EXERCISE INSTRUCTIONS: Repeat exactly, and nothing more, the lines from the one that includes "- Overall Dimensions: 50" through the final line of the entries; skip the pictures.
*** Begin section ***
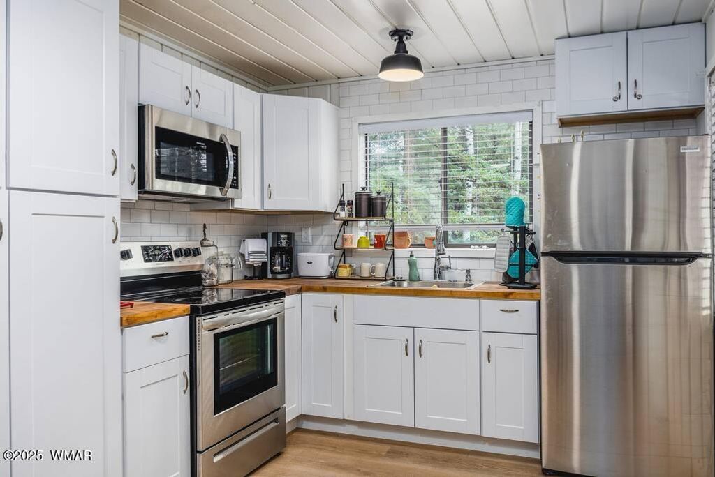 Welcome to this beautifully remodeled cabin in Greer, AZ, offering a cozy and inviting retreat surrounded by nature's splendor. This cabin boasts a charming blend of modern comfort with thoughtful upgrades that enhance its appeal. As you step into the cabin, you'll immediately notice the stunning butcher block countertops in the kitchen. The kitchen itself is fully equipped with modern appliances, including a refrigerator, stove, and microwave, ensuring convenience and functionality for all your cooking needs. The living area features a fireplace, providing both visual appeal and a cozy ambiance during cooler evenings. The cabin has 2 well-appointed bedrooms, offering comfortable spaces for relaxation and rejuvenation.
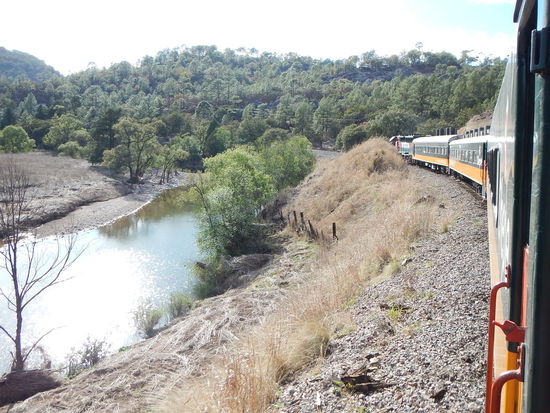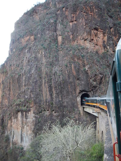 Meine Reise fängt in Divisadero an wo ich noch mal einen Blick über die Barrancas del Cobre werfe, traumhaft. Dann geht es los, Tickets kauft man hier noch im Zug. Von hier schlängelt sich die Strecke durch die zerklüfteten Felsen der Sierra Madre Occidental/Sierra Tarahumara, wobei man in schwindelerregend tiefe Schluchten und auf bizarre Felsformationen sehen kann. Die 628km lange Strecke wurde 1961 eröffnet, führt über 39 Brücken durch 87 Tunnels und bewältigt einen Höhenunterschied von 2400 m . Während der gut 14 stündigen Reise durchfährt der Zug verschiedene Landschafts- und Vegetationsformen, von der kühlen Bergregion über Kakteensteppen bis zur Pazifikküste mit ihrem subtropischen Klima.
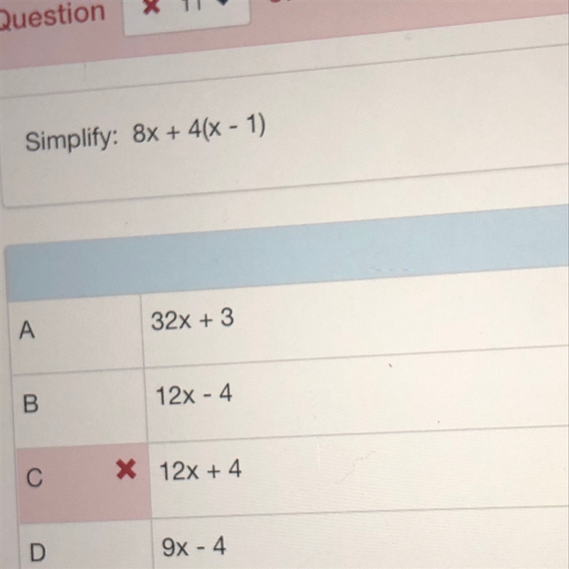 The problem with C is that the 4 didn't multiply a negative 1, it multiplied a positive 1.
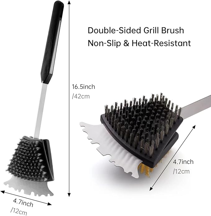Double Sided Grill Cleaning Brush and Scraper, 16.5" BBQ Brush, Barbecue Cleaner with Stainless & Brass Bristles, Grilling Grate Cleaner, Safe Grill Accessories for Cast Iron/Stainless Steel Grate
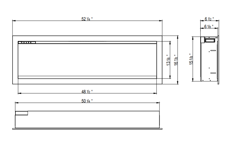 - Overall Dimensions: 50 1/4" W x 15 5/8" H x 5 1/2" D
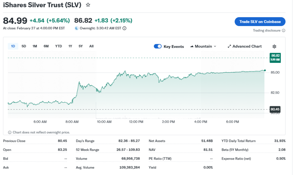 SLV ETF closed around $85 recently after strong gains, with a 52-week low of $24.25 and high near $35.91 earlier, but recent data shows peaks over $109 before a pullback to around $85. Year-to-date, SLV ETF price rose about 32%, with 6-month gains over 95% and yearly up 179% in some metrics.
*** End section ***
RESULT OF THE EXERCISE:
 - Overall Dimensions: 50 1/4" W x 15 5/8" H x 5 1/2" D
 SLV ETF closed around $85 recently after strong gains, with a 52-week low of $24.25 and high near $35.91 earlier, but recent data shows peaks over $109 before a pullback to around $85. Year-to-date, SLV ETF price rose about 32%, with 6-month gains over 95% and yearly up 179% in some metrics.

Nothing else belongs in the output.